The $5.64 billion recommended by the bipartisan, bicameral committee, chaired this year by Lt. Gov. Phil Bryant, is slightly higher than the $5.5 billion recommended in Gov. Barbour’s executive budget.
The Barbour budget would make cuts of about 11 percent, the legislative budget about 9 percent.
The details and differing proposals in the gap between the two recommendations suggest hard, complex and probably controversial work ahead.
The governor’s and the committee’s budgets both would reduce funding for the Mississippi Adequate Education Program, the bedrock financial formula designed to assure enough money to pay for an adequate education in every district. We hope many legislators think long and hard before further reducing such basic funding – cuts that could place some districts in dire straits and require local property tax increases just to stay even.
Almost every state has significant budget problems. The non-profit and non-partisan Center on Budget and Policy Priorities has said in its reporting and analysis that the depth of state spending cuts, service reductions and government layoffs could slow down the nationwide economic recovery, a factor we hope legislators will consider in working out Mississippi’s 2011 spending.

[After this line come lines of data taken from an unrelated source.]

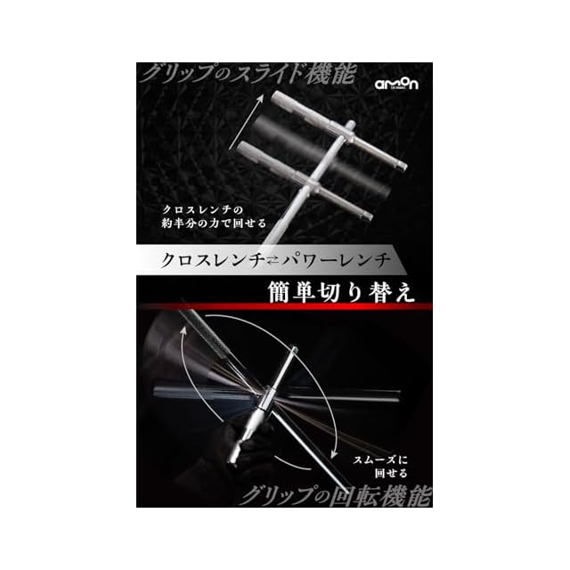 【タイヤ交換作業が素早くラクにできる】ハンドル、グリップ位置をパワーレンチ、クロスレンチへ変えられる。
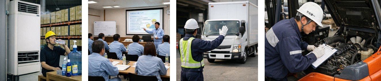 具体的には、夏季のリスクを見据えた熱中症対策の実施に加え、フォークリフトの点検講習の実施および資格取得の推進を行っています。さらに、庫内作業ならびに配送業務に関する安全講習会の開催も予定しており、現場での事故・災害の未然防止に向けた取り組みを強化しています。
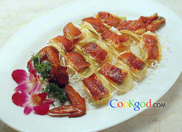 此菜选用特制奇妙芥酱,味道特别鲜美,配薯片及生莱叶,融合了传统中菜和西餐风味。
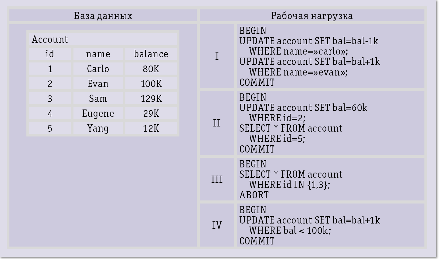 | Рис. 3. Примерные база данных и рабочая нагрузка |
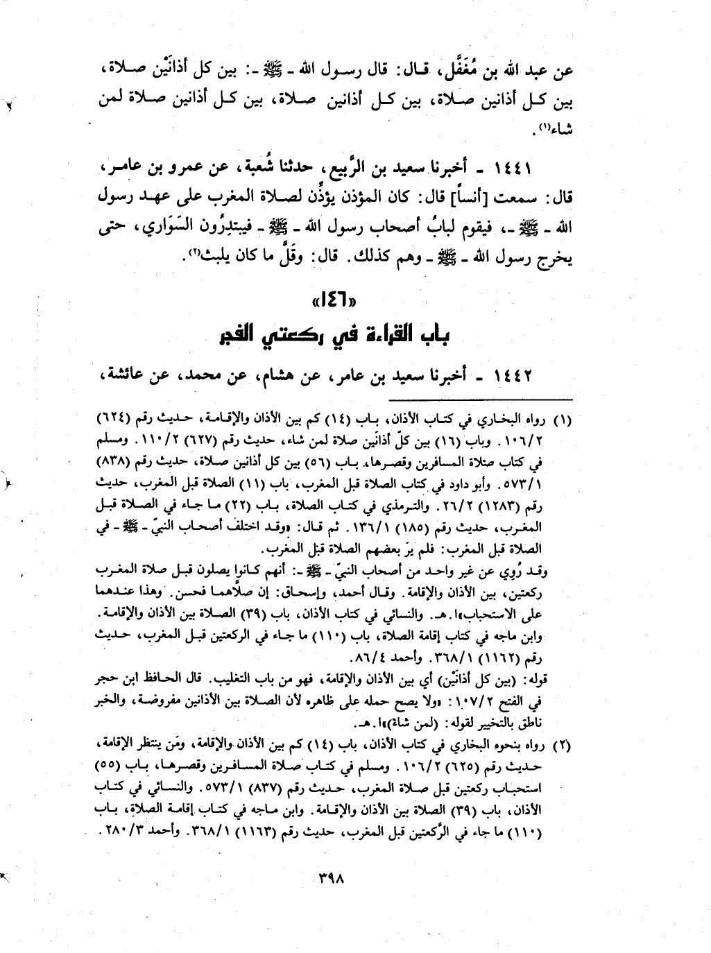 1441 - أخبرنا سعيد بن الربيع حدثنا شعبة عن عمرو بن عامر قال سمعت أنسا قال : كان المؤذن يؤذن لصلاة المغرب على عهد رسول الله صلى الله عليه و سلم فيقوم لباب أصحاب رسول الله صلى الله عليه و سلم فيبتدرون السواري حتى يخرج رسول الله صلى الله عليه و سلم وهم كذلك قال وقل ما كان يلبث
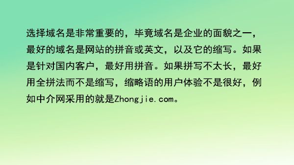 選擇域名是非常重要的,畢竟域名是企業(yè)的面貌之一,最好的域名是網(wǎng)站的拼音或英文,以及它的縮寫。如果是針對(duì)國內(nèi)客戶,最好用拼音。如果拼寫不太長,最好用全拼法而不是縮寫,縮略語的用戶體驗(yàn)不是很好,例如中介網(wǎng)采用的就是ningtui.com。
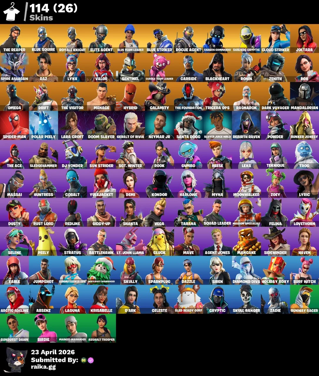 [PC/PSN/XBOX/Nintendo] 114 skins F/A : Leviathan Axe | Take The L | Blue Squire | Royale Knight | The Reaper | Elite Agent | Blue Team Leader | Blue Striker | Subzero Cryptic | Cloud Striker
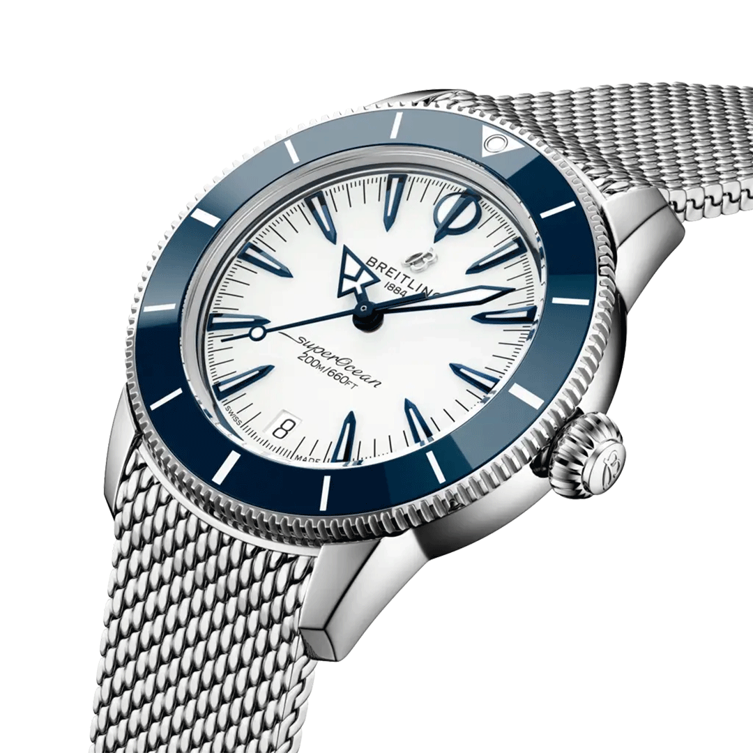 The Superocean Heritage Automatic 36 reflects Breitling’s original 1957 dive watch philosophy, combining vintage-inspired aesthetics with modern engineering. Its stainless steel case and integrated metal bracelet deliver both durability and refined comfort, while the ceramic-inlayed bezel enhances scratch resistance for everyday wear.

The loss of state spending will, of course directly affect families whose wage-earners lose their jobs or are laid off.
With a planned reduction in contract spending, the business sector stands to feel the pain because revenue from goods and services will dry up, placing additional pressure on employment in the private sector.
In the face of losing even more economic activity the Legislature should examine the potential in historically effective investments like infrastructure, which creates and/or increases private jobs.
While increasing taxation hasn’t been seriously mentioned yet as a possibility in Mississippi (although increasing some fees is part of the legislative proposal), a majority of states nationwide are enacting or considering tax increases.
The policy center says “many more states ... will need to consider tax increases or other revenue measures, as well as such steps as tapping state rainy day funds, as a way to minimize harmful budget cuts.”
A spirit of bipartisanship obviously is needed to craft a reasonable budget.













The government needs to cut spending to a level that Mississippi can afford, even if it means some feather-bedding, paper-pushers and administrators have to be cut.